Иногда Дэн обнаруживался у себя в закутке: уткнувшись в учебник, он через плеер слушал кошмарные произведения австро-венгерских композиторов. Однако его появления на Чемберз-стрит носили стихийный характер, по крайней мере я не мог установить хоть какую-то закономерность. В любом случае он оставался в нашей коммуне только по причине низкой арендной платы. Последняя, впрочем, была бы выше, если бы стены в нашей квартире доходили до самого потолка. Мы же ютились в закутках, разделенных картонными перегородками, на виду друг у друга, как в студенческой общаге. Я считал такое существование недостающим звеном между жизнью в родительском доме и работой в компании «Пфайзер», тоже раздробленной, как соты.

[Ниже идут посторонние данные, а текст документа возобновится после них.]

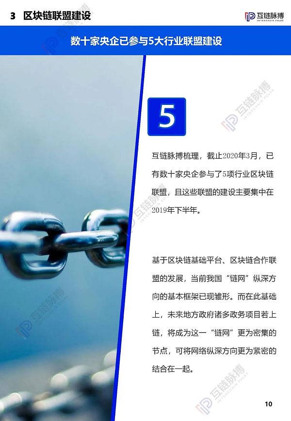 [互链脉搏按]“1024会议”后,区块链技术上升至国家战略,央企作为“国家战略”执行的重要力量。互链脉搏特发布《2020年中央企业区块链发展报告》,从涉足区块链的中央企业概述、中央企业底层区块链建设情况、中央企业参与区块链联盟情况、中央企业区块链应用情况四方面展开介绍,并探讨中央企业区块链的应用价值与发展思考。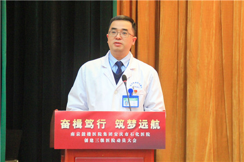 鄒曉平副院長表示,創(chuàng)建三級醫(yī)院既是機遇也是挑戰(zhàn),過程會很艱巨,但他深切感受到了石醫(yī)人充足的干勁和必勝的決心,希望全院能堅持把創(chuàng)建工作與日常工作緊密結合,提高管理能力,提升服務水平,加強內涵建設,義無反顧投身到醫(yī)院跨越式發(fā)展的重大實踐中。鄒院長也代表南京鼓樓醫(yī)院表態(tài),會從醫(yī)療技術、醫(yī)教科研等方面全力支持、幫助石化醫(yī)院創(chuàng)建三級醫(yī)院,實現自我超越。

Таким образом, коммуна на Чемберз-стрит состояла из Форда, Санча, Дэна и меня. По крайней мере пока состояла — через пять недель истекал срок аренды. Остальные наши приятели жили по разным районам Нью-Йорка — кто один, кто с подругой или супругой, — и в этих обстоятельствах наша дыра представлялась нам (и им) этаким клубом школьных друзей, всегда готовым принять большую компанию и довести и без того запущенную гостиную до совершенно непотребного состояния. У нас играли в покер, у нас развлекались, у нас смотрели телик и изощрялись в остроумии. Мы знали, что в коммуне полностью застрахованы от взросления. Мы хуже всех одевались и медленнее всех росли профессионально (если это вообще можно было назвать ростом). Порой мне казалось, что для каждого из однокашников ступить на покоробившийся линолеум нашей замызганной кухни — все равно что повернуть время вспять, отдаться на милость отлива. Нью-Йорк задыхался в пробках, следил за рыночными показателями, увеличивал, как подорванный, объемы продаж, весь в мыле скакал по карьерной лестнице — на Чемберз-стрит, в болоте созерцательности, отсиживалась четверка оппозиционеров. У нас был даже свой камин. Правда, он не функционировал как камин — мы держали в нем аудиоцентр. Периодически я захватывал пульт, и тогда космическое дребезжание электроники, не пропускавшее, точно какое-нибудь магнитное поле, звуков извне и окружавшее нас день и ночь, сменялось наконец солнечными композициями «Grateful Deads» — будто Джерри и не думал умирать.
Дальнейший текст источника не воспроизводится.